Question

Which values for A and B will create infinitely many solutions for this system of equations? Ax-y=8 2x+y=B plss hurry im being timed

1 A=2 B=8
2 A=-2 B=8
3 A=2 B=-8
4 A=-2 B=-8

Answer 1

A=-2

B=-8

Explanation:

In order for the system of linear equations to have infinitely many solution, they must be the same equation.

Ax-y=8

2x+y=B

We need to choose A and B so they are the same equation.

I notice they are both in the same form but in the second column you have opposites;

the -y and y.

So im going to multiply either equation by -1 so that part is exactly the same.

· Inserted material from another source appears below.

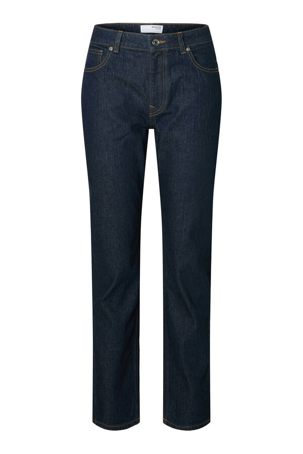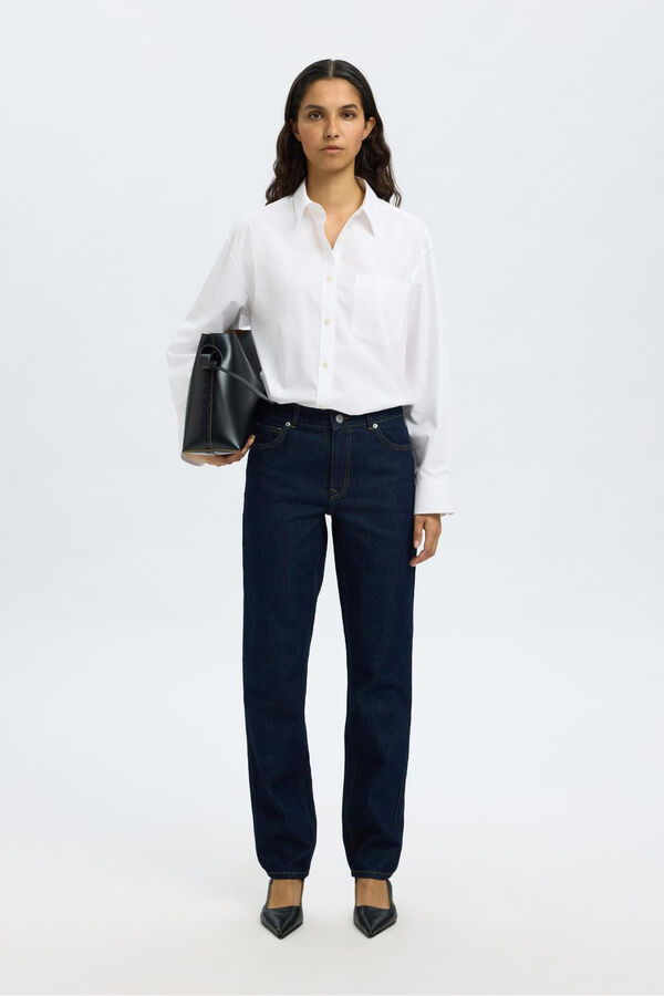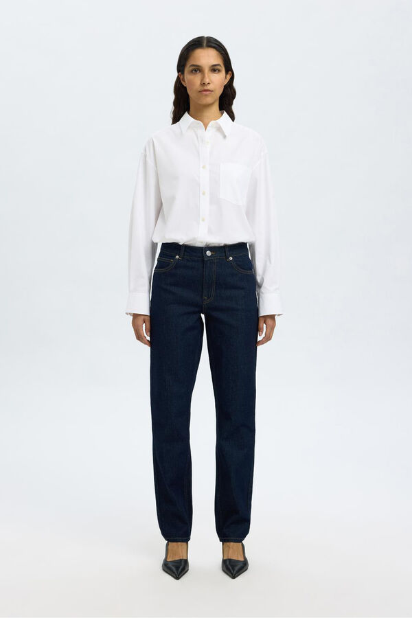 Calça slim fit confeccionada em algodão orgânico. Cintura alta. Fechamento por fecho-éclair e botão. Bolsos frontais e traseiros.

Don't choose both; choose only one.

Let's multiply the first equation by -1.

Doing this gives us the following:

-Ax+y=-8

2x+y=B

So now we can choose A and B so these equations appear exactly the same.

We need -A=2 and B=-8.

-A=2 implies A=(opposite of 2) which is -2.

Conclusion:

A=-2

B=-8

Answer 2

A = -2 and B = -8.

Explanation:

Two lines
`a_1x+b_1y+c_1=0\text{ and }a_2x+b_2y+c_2=0` have infinite many solutions if

`(a_1)/(a_2)=(b_1)/(b_2)=(c_1)/(c_2)`

The given equations are

`Ax-y=8`

`2x-y=B`

These equations have infinite many solutions if

`(A)/(2)=(-1)/(1)=(8)/(B)`

`(A)/(2)=-1=(8)/(B)`

`(A)/(2)=-1` or
`-1=(8)/(B)`

`A=-2` or
`-B=8\Rightarrow B=-8`

Hence, the value of A is -2 and the value of B is -8.